Exhibit 1: Annual holdings of US securities by China (all data $US billion)
Source: US Treasury
*Based on October 2013 monthly position survey
Data, old and new
Given the vagaries of the monthly TIC data, many analysts have been wary of drawing conclusions from those data, preferring instead to wait for the annual survey released in April of each year which shows the stocks through the previous year. While it is true that the annual survey is the most comprehensive, the Treasury recently started collecting monthly holdings data, which should provide a much-improved estimate of intra-year movements than the monthly transaction data. The monthly transaction data (the S-survey) attributes the transactions involving US securities to the country of initial purchase. It does not account for the ultimate buyer/owner of those securities, and does not use security-level data, only aggregate asset categories. Therefore there exists a substantial ‘custodial bias’ – or an over-attribution of transactions to financial centers such as the UK, Belgium, the Caribbean Islands, etc. The newer position data (SLT survey) takes into account, on a monthly basis and by security, the positions by ultimate holders of US securities, negating to some extent the custodial bias. Additionally, the SLT survey has an expanded survey participant sample.
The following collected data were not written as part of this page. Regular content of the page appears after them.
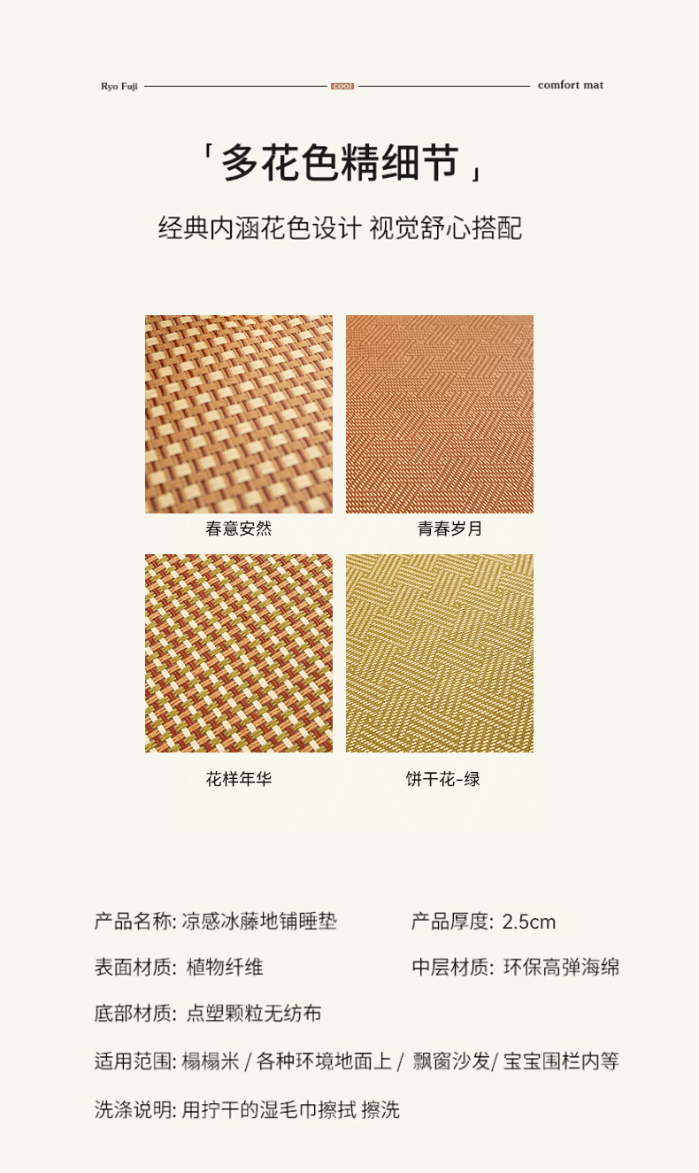 • 91家纺网 家纺一手货源 找家纺 北辰 2025新款凉席多功能地垫床垫床边垫打地铺神器 藤编地垫-罗马格调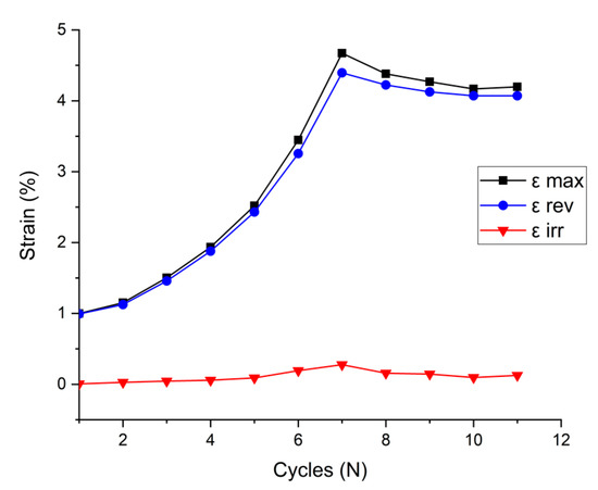 Maximum, reversible, and irreversible strain as a function of cycle.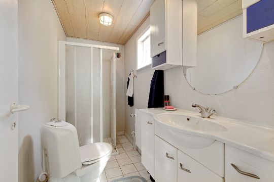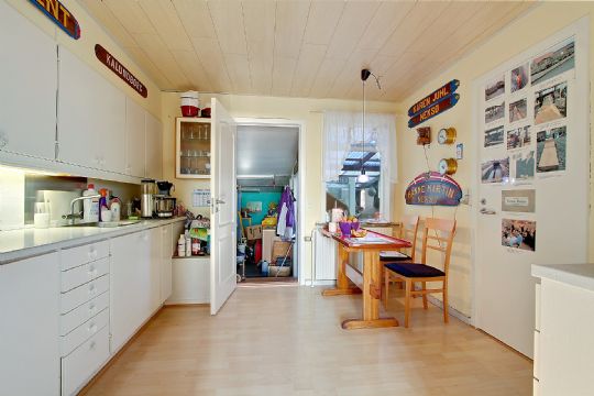 Huset indeholder vindfang, bryggers med håndvask samt fjernvarmeunit og nedgang til tørt kælderrum, køkken, soveværelse, stue med havudsigt, mellemgang og tidligere hovedindgang og badeværelse.

It should be noted that, while this data has been greatly improved, there are still several significant shortcomings. Firstly, the majority of the data is reported by US-based custodial banks. It does not account for US assets held in custody in a foreign country, or US assets bought by one foreign resident from another foreign resident. For example, if Chinese resident buys a US Treasury bond from a Japanese resident and holds it in custody at a bank in Switzerland, this will not show up on any of these surveys. (for more information on this data, refer to this paper from the Federal Reserve)
While the annual survey due to be released this April will be the first full year available to compare the SLT survey data to, the estimates from the partial sample from 2012 show a promising picture. As shown in exhibit 2, the difference between the monthly holdings data and the annual survey was much smaller than the adjustment from the monthly transaction estimate. The fact that both surveys are generally tracking fairly closely most likely reflects the expanded sample as well as an increased effort by officials to improve reporting coverage.
Exhibit 2: Monthly holdings of US securities by China
Source: US Treasury, author’s calculations
After the love [for Treasuries] is gone
As discussed in a previous post, China’s reserve accumulation has increased rapidly in 2013, and its net purchases of US assets along with it. Indeed, it, along with the Federal Reserve, have accounted for a sizeable portion of net purchases in the Treasury and agency bond markets. When China finally begins to allow the renminbi to float more freely and thus does not have to accumulate further foreign reserves, a large, price-insensitive source of demand (and thus force for lower rates) will exit the market. Who steps in (and at what price) to provide the demand, as well as the speed and manner in which China unwinds its own unconventional monetary policy, will determine the ultimate repercussions on the global financial markets.